(Stored data entries)
........
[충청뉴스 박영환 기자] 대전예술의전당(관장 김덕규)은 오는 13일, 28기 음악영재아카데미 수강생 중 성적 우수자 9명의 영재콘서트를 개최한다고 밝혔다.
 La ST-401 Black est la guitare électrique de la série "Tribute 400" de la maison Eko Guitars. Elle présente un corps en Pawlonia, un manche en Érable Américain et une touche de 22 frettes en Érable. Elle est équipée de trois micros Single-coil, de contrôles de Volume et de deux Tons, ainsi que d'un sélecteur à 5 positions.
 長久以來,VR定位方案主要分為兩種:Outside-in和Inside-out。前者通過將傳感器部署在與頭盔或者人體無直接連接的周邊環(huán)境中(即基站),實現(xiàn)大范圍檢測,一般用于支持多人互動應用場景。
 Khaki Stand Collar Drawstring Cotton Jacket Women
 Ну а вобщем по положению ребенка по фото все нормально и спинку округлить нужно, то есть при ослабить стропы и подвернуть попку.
........
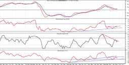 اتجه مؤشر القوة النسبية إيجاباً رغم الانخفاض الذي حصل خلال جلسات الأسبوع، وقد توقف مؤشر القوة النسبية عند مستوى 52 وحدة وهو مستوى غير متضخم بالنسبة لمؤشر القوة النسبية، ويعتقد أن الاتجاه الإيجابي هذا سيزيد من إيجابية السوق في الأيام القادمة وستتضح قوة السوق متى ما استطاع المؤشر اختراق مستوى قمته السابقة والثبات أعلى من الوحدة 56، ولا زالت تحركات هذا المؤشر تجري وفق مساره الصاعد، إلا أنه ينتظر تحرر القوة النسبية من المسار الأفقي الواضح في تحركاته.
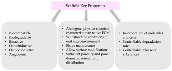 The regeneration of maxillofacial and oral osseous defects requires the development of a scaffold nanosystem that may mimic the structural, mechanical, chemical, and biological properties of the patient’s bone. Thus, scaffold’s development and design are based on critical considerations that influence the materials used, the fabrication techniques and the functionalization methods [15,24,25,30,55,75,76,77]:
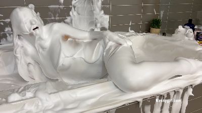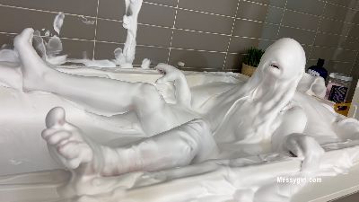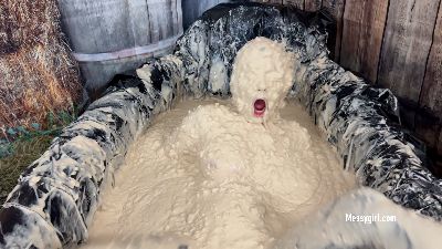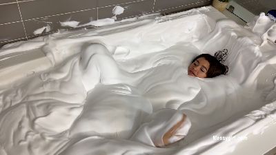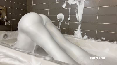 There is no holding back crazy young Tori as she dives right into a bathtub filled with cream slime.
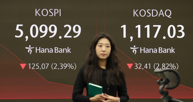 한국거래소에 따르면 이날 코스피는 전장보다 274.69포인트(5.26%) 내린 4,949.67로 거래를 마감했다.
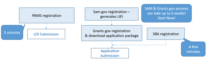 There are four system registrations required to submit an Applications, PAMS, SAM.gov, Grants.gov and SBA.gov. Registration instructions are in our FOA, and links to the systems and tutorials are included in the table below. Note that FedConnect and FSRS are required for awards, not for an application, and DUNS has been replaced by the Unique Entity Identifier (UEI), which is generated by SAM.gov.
........
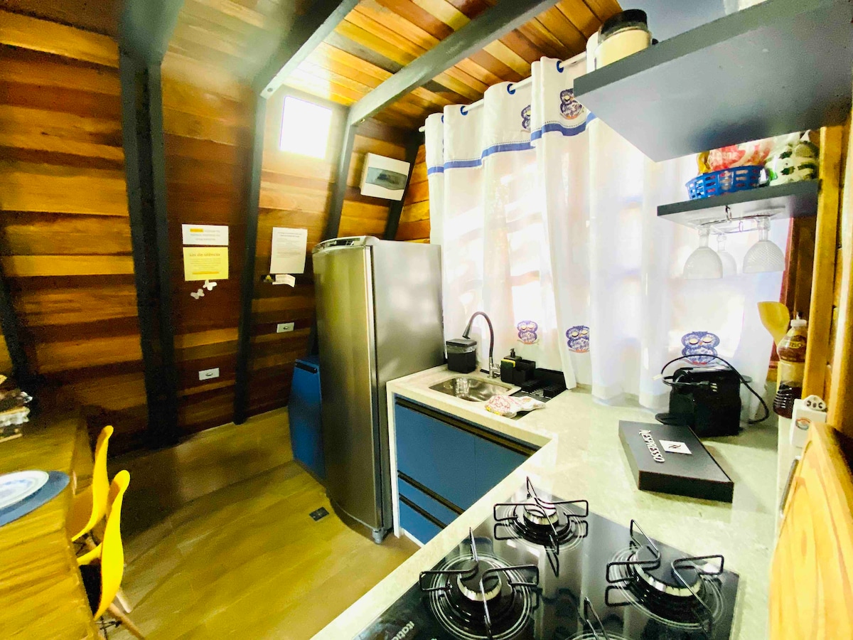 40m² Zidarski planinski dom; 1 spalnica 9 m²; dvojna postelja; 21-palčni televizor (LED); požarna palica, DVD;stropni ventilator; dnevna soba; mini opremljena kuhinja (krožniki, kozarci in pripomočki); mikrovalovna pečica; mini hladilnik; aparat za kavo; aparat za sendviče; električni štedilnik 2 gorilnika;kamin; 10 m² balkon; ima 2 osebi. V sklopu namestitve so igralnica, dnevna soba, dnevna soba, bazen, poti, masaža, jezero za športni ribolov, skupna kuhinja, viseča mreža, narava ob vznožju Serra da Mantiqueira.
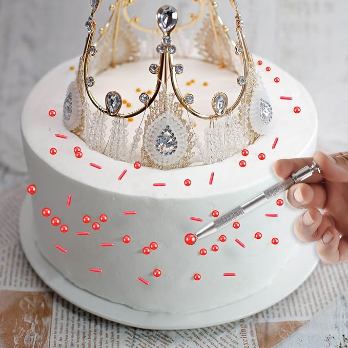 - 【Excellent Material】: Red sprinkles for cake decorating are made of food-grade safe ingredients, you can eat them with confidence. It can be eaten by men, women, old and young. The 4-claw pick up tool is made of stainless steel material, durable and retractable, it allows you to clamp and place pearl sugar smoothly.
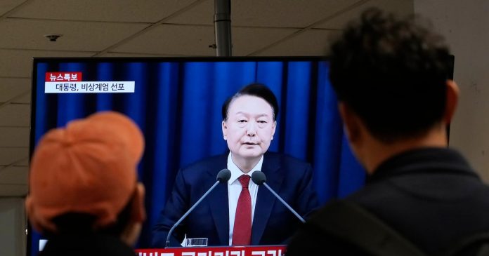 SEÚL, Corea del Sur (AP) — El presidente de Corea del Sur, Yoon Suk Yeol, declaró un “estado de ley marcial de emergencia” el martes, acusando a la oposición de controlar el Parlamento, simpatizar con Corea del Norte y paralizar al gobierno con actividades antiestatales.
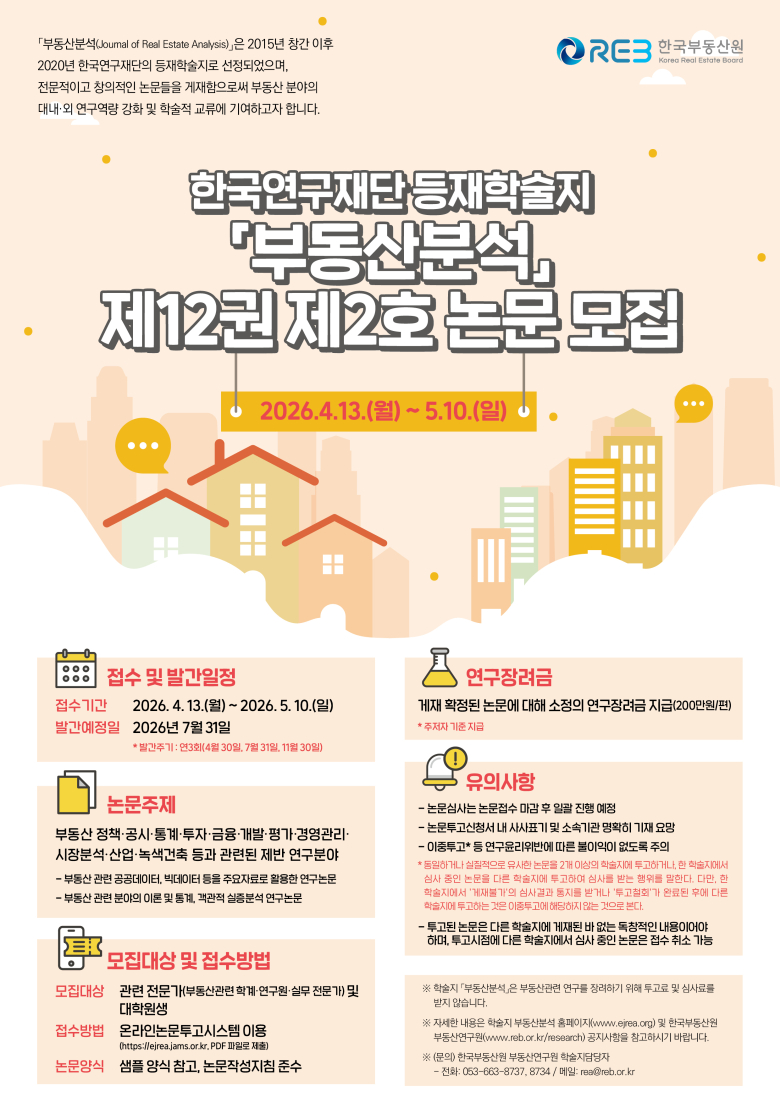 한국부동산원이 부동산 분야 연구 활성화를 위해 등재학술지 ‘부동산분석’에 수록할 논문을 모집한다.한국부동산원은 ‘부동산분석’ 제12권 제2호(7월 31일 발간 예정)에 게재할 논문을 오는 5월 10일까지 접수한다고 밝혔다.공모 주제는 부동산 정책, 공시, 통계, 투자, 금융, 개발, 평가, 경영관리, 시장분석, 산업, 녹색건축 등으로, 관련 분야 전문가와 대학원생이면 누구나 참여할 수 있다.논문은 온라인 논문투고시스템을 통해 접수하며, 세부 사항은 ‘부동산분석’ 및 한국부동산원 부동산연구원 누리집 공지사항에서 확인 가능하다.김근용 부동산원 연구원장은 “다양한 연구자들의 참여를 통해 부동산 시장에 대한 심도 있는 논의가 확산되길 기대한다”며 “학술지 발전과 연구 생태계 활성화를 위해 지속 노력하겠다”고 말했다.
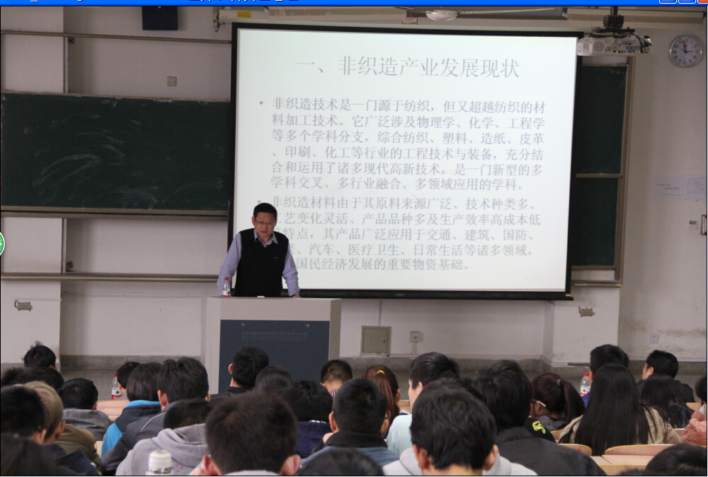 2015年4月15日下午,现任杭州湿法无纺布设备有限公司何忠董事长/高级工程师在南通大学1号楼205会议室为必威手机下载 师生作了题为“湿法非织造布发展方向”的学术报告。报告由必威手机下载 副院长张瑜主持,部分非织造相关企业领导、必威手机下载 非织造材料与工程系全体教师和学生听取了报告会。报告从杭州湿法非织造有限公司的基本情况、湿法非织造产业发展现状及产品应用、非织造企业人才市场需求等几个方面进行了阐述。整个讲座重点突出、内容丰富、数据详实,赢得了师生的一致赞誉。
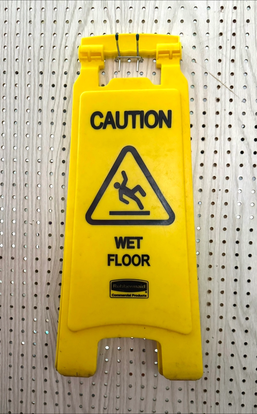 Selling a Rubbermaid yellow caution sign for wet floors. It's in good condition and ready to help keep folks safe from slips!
........
• Task brief: Please copy the lines in the records above between the one holding "[충청뉴스 박영환 기자]" and the one holding "Ну а вобщем", inclusive, exactly and with no other line.

• Solution:
[충청뉴스 박영환 기자] 대전예술의전당(관장 김덕규)은 오는 13일, 28기 음악영재아카데미 수강생 중 성적 우수자 9명의 영재콘서트를 개최한다고 밝혔다.
 La ST-401 Black est la guitare électrique de la série "Tribute 400" de la maison Eko Guitars. Elle présente un corps en Pawlonia, un manche en Érable Américain et une touche de 22 frettes en Érable. Elle est équipée de trois micros Single-coil, de contrôles de Volume et de deux Tons, ainsi que d'un sélecteur à 5 positions.
 長久以來,VR定位方案主要分為兩種:Outside-in和Inside-out。前者通過將傳感器部署在與頭盔或者人體無直接連接的周邊環(huán)境中(即基站),實現(xiàn)大范圍檢測,一般用于支持多人互動應用場景。
 Khaki Stand Collar Drawstring Cotton Jacket Women
 Ну а вобщем по положению ребенка по фото все нормально и спинку округлить нужно, то есть при ослабить стропы и подвернуть попку.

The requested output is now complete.